Python's syntax is simple and easy to understand, and when they said its designed to produce readable code, they weren't kidding. This made teaching programming for me a piece of cake. Of course, the hardest part of teaching such a subject to our future 3D artists who are excited to produce animation, models and render can be tricky.
Everything around us is a challenge looking for a solution
That leads me to something in regards to this... Other than programming, one of the things that I most enjoy about working with CG is that it is indeed all about being able to problem solve to find work-arounds, or ways to "cheat" to produce a shot or effect (or solution to a tool limitation, a rig problem, and the list goes on and on). So the logical process that goes into problem solving is not just a skill for programming.
But programming is something that creative artists are not all "wired" for. While it looks technical,
programming is really about executing a list of logical steps - In fact everybody does it in their day-to-day life, stringing logical steps together to perform a task:
- Withdraw cash from ATM
- then go to the store
- and purchase a lottery ticket
- go home
- check ticket
- If we win $1,000,000 - live happily ever after
- otherwise try again next week
Only maths guru's can operate 8-bit computer's...
In the 1980's, I wasn't great at maths at all - and according to my teachers, if you didn't know maths then you couldn't operate a computer. That meant no access to the school computers (at the time, the popular Apple][ ). Of course, that was a fairly small minded look at computers in schools back in the 80's - after buying my own computer from a years worth of newspaper deliveries - a Sinclair ZX81 with 1kb of RAM - suddenly that perception changed , and from that my life had changed for the better! :)
Creative brains
So what can I do to approach this in a different way and cater to the creative side of non-coders? Here's two approaches that I felt helped solidify things just a tad for a few...
We look at the problem visually by breaking it down with sketches and notes
The sketch approach works by drawing up the solution as a bunch of "if we move this, then this..." notes. The exercise I went through over two days was based on a suggestion from one of my students who was developing a game along with others in class. How could we produce a simple rock generator to make assets for their game engine?
Admittedly, when I started out on this exercise, I went for the "heres how we code this" approach - but that was starting to throw some of the students off, and we ended the first day by producing a "pebble" maker instead - a spherical shaped mass where we flattened the base of the model. Some students were lost - so my plan for delivery in the next class had to change.
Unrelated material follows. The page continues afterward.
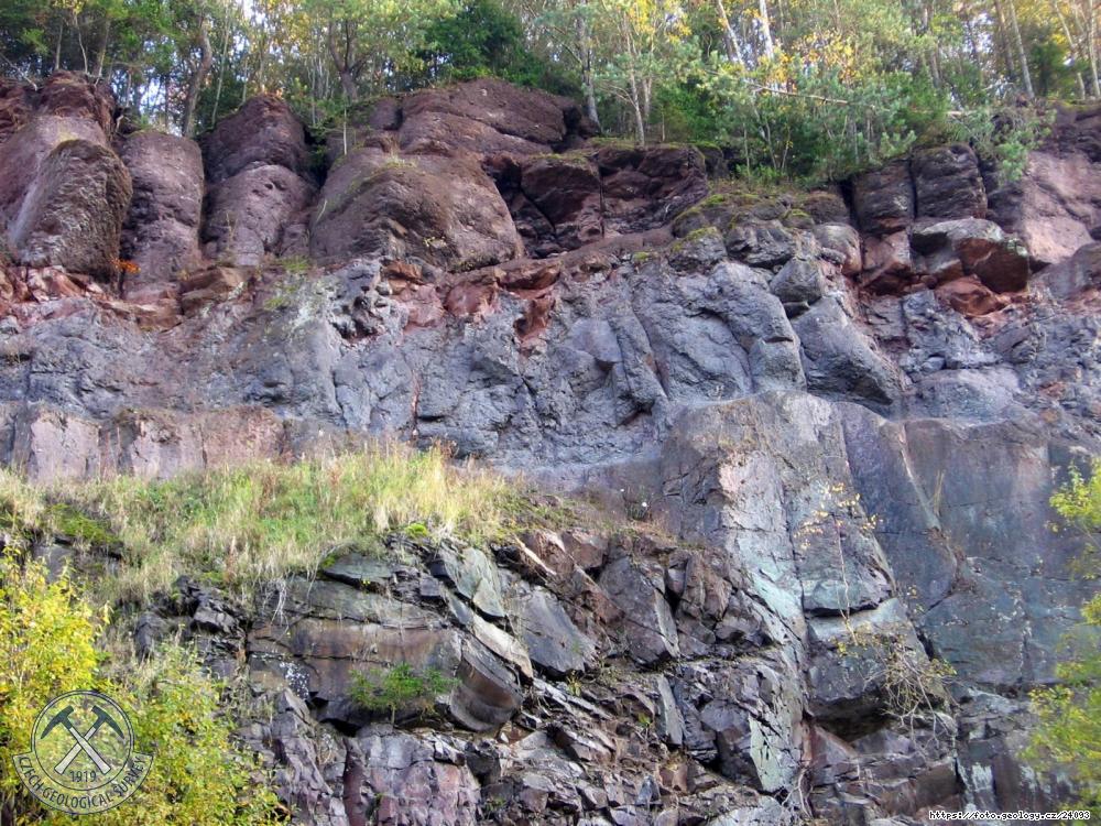 Stěna lomu Hvězda s polohou melafyrů ve spodní části snímku a polohami zvrstvených hrubozrnných pyroklastik v nadloží. Kontakt lávového proudu s polohou pyroklastik. | Stárková, Marcela | 2007

On the second day, I wanted to take that simple starting model and look at how we can push and pull the vertices about to turn our "pebble" into a shaped rock. This time around, I approached it more visually and stepped away from the computer and across to a whiteboard. Using a quick image, we looked at what would make a rock look like a rock. The general idea was to raise and lower random vertices on the top of the model to produce a lumpy shape. To make sure it looked less like a lumpy sphere, we would also need to push and pull it horizontally to deform it as seen from the top.
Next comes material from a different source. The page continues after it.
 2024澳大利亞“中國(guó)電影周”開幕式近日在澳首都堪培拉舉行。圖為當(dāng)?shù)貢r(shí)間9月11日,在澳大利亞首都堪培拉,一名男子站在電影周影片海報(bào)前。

We explain the process in "normal" human language through pseudo-code
A little pseudo-code to explain the process in words helped (and hand-writing it on a whiteboard, rather then typing it up on screen I found makes it much more accessible) and then time to discover the appropriate Maya functions and methods required to do this were put into practise. The result - hopefully a relatively nice simple rock generator!
The first thing that came to mind was just randomly selecting a collection of vertices over the model and shifting them up and down... The issue here? Spikey rocks just don't look like rocks! So...
Instead, a better idea was to use Maya's soft select and then move vertices to get a softer area of deformation. Vertices above the ground would be moved up and down. Using vertices that ran around the bottom edge (at Y = 0) would be moved horizontally to deform the shape from above.
The final product
For anybody interested, I've attached the source code below - I've commented it heavily, and it should hopefully make sense. Be aware that it could be polished a lot, and that this was designed as a very simple introduction to making some kind of tool in Python for Maya for students who are new to basic programming...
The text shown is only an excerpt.